Use steps smaller than the size of the pooled window , Be able to obtain richer features ,top1 and top5 The error rates went down 0.4% and 0.3%.

5. Prevent over fitting

5.1 Data to enhance

from 256×256 Crop immediately in the image 224×224, And translate and horizontally flip the cropped image . During the test TenCrop, Average 10 Picture of softmax Output as final output .
change RGB Channel strength ： Execute... On the image PCA, Then in each pixel of the original image （RGB Three channels ） Add the value calculated by the following formula
In the above formula ： $p_i$ and $\lambda_i$ For each RGB Pixel value of 3×3 Eigenvectors and eigenvalues of covariance matrix , $p_i$ The dimensions are 3×1, Therefore, the calculation result of the above formula is 3×1, Three values are added to the pixel value RGB On three channels . $\alpha_i$ Is subject to a mean of 0 And the standard deviation is 0.1 Gaussian variable of , Each training image is randomly generated once $\alpha_i$ .

5.2 Dropout

Dropout technology ： In each iteration of the neural network , With a certain probability $p$ Randomly discard neurons , Make it not participate in forward and backward propagation in the current iteration .

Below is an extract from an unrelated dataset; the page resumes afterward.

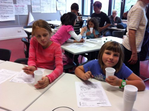 Nach Angaben von Frau Dr. Kreinhoff sollten Jugendliche ca. 1,5 Liter Getränke im Laufe des Tages zu sich nehmen. Bei Sport und Spiel und insbesondere an heißen Tagen erhöht sich der individuelle Flüssigkeitsbedarf. Egal ob Mineralwasser oder Trinkwasser aus der Leitung – Wasser ist der ideale Durstlöscher, vor allem in der Schule. Am Nachmittag darf es dann auch mal etwas geschmacklich anderes sein. Aufpeppen lässt sich Mineralwasser mit etwas Fruchtsaft als Schorle oder mit Früchtetee (mindestens 2/3 Wasser und höchstens 1/3 Saft) und pürierten Himbeeren, Erdbeeren oder anderem frischem Obst sowie einem Spritzer Zitrone. Dies konnten die Jugendlichen selbst ausprobieren, und es machte allen viel Spaß; abschließend zeigte sich in einem kleinem Geschmackswettbewerb der kleinen gebildeten Teams allen (und dies ohne pädagogischen Zeigefinger): Weder die heißgeliebten Limonaden noch unverdünnte Fruchtsäfte eignen sich als Durstlöscher. Der zu hohe Zuckergehalt liefert unnötige Energie und dabei sollen sie doch Konzentrations- und Leistungsfähigkeit gewährleisten.

Integrating the prediction results of multiple models can effectively reduce the test error , But the cost of training multiple models is too high , Especially on large data sets .
When... Is introduced into the network Dropout when , Each time new training data is received, a new network structure will be sampled , Train one subnet at a time , Multiple rounds of training is equivalent to integrating multiple sub networks . At testing time , All neurons are activated , But you need to multiply their output by the discard probability $p$ .

6. Training strategy

6.1 SGD with momentum and weight decay

Small batch random gradient descent using large momentum and weight decay ：batch size by 128, momentum by 0.9,weight decay by 0.0005.
Insert picture description here

6.2 Weight initialization

Proper weight initialization can speed up the learning of the network in the initial stage , In the text, all layers weights Initialize to $w\sim N(0,0.01)$ ;bias Hierarchical initialization , second 、 Four 、 Five convolution layers and all fully connected layers bias Initialize to 1, Other layers are initialized to 0.